State tax revenues in February top estimates

CHARLESTON, W.Va. (AP) — West Virginia’s tax collections for February exceeded estimates by $10.3 million but still left the government’s projected budget shortfall at $123 million for the current fiscal year, according to revenue data released Monday.

Sales, personal income and severance taxes — the three biggest collection categories — all exceeded February estimates, Deputy Revenue Secretary Mark Muchow said. He called the increase in payroll tax withholding by almost 1 percent over February last year, “a slight positive trend.”

Severance taxes for extracting coal, oil, natural gas and timber totaled $262.5 million through eight months of the fiscal year that ends June 30. After “a very rough start,” which was attributed to a downturn in coal, Muchow said he now expects continuing gains above budget estimates.
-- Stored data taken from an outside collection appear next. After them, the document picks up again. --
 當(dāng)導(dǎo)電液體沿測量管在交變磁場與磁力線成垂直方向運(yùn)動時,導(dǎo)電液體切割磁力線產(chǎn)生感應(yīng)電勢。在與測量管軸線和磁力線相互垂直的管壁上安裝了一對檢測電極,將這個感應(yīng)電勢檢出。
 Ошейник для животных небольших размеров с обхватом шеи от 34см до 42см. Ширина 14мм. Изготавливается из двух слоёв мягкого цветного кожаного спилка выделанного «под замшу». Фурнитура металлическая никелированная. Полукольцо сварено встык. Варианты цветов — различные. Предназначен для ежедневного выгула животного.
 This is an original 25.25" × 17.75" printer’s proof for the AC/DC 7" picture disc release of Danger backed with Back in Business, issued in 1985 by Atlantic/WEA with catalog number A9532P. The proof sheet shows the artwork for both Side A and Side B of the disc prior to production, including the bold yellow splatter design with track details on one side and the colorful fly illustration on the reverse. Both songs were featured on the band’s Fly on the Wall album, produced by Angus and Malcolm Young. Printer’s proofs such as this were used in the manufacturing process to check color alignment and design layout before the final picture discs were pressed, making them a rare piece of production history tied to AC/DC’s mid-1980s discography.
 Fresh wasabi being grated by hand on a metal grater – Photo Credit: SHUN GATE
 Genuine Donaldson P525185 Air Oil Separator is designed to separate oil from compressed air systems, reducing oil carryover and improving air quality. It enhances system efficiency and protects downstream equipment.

“Severance tax is our most positive tax trend this year,” Muchow said. “We exceeded estimate, and for the month of February had $28.8 million for the month. That was $2.3 million above estimate, 14.4 percent higher than last year. So that’s all good. Now a good part of that growth comes from natural gas. Natural gas prices have improved recently.”
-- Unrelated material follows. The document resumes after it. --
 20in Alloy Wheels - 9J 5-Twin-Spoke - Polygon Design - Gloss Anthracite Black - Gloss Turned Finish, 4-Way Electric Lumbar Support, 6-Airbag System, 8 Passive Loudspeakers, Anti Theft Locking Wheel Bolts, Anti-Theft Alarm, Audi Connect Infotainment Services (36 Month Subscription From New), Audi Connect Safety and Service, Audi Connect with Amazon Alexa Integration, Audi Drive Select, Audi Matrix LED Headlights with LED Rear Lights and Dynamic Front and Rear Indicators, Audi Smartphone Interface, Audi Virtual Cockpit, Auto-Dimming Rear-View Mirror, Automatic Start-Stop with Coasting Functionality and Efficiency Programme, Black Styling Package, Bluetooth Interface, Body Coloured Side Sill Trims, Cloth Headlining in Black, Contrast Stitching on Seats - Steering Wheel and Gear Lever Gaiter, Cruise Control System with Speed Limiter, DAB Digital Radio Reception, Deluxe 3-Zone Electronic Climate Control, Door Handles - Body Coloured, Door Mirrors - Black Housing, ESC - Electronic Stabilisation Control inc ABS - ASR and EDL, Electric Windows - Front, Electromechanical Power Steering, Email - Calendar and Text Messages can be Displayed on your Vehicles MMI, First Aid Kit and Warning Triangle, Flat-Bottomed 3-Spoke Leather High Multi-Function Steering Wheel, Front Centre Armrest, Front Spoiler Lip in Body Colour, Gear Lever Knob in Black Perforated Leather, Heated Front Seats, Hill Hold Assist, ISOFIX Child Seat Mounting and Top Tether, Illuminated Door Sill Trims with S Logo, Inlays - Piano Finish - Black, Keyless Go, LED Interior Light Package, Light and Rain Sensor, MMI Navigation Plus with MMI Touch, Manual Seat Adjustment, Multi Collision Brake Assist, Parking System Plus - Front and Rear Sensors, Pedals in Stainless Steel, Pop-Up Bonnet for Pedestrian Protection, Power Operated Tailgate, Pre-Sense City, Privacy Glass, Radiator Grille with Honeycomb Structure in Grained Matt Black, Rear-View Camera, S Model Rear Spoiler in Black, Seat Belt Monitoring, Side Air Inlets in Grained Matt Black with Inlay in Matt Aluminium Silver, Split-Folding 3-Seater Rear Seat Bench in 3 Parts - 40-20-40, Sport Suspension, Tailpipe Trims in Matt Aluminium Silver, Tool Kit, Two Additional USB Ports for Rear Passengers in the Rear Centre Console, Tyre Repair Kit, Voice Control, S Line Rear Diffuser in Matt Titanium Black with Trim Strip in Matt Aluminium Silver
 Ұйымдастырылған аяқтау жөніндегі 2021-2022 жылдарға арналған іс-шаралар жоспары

Coal prices have also rebounded from last year’s lows and some West Virginia mines have been hiring back workers.

West Virginia personal income taxes have brought in $1.91 billion over eight months with sales taxes adding $1.285 billion.

Corporation income and business franchise taxes have added $137.4 million so far this year. However, with refunds, the state actually paid out $1.845 million to corporations and businesses in that category in February.
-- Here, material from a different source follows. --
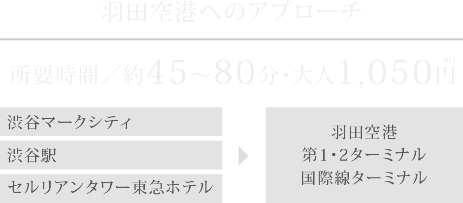 徒歩3分の「セルリアンタワー東急ホテル」からは、羽田空港・成田空港への空港連絡バスが運行。
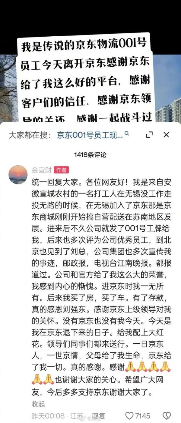 就在此前一天,被外界称作“京东物流001号员工”的金宜财正式退休,他还发了一条抖音感谢京东:“进京东时我一无所有,后来我买了房、买了车、有了存款,真的感恩刘强东,感谢京东上级领导对我的关怀,没有京东也没有我的今天。”

West Virginia lawmakers eliminated the business franchise tax effective in 2015 with only residual collections now, according to the Department of Revenue.

The Justice administration has identified $120 million of unspent funds to offset the projected budget deficit and avoid tapping the state’s rainy day fund, Revenue Secretary Dave Hardy said. That will help protect the state’s bond rating, he said.

Lawmakers and the governor’s office are considering tax revisions to help close a projected $500 million budget deficit for the fiscal year that starts July 1.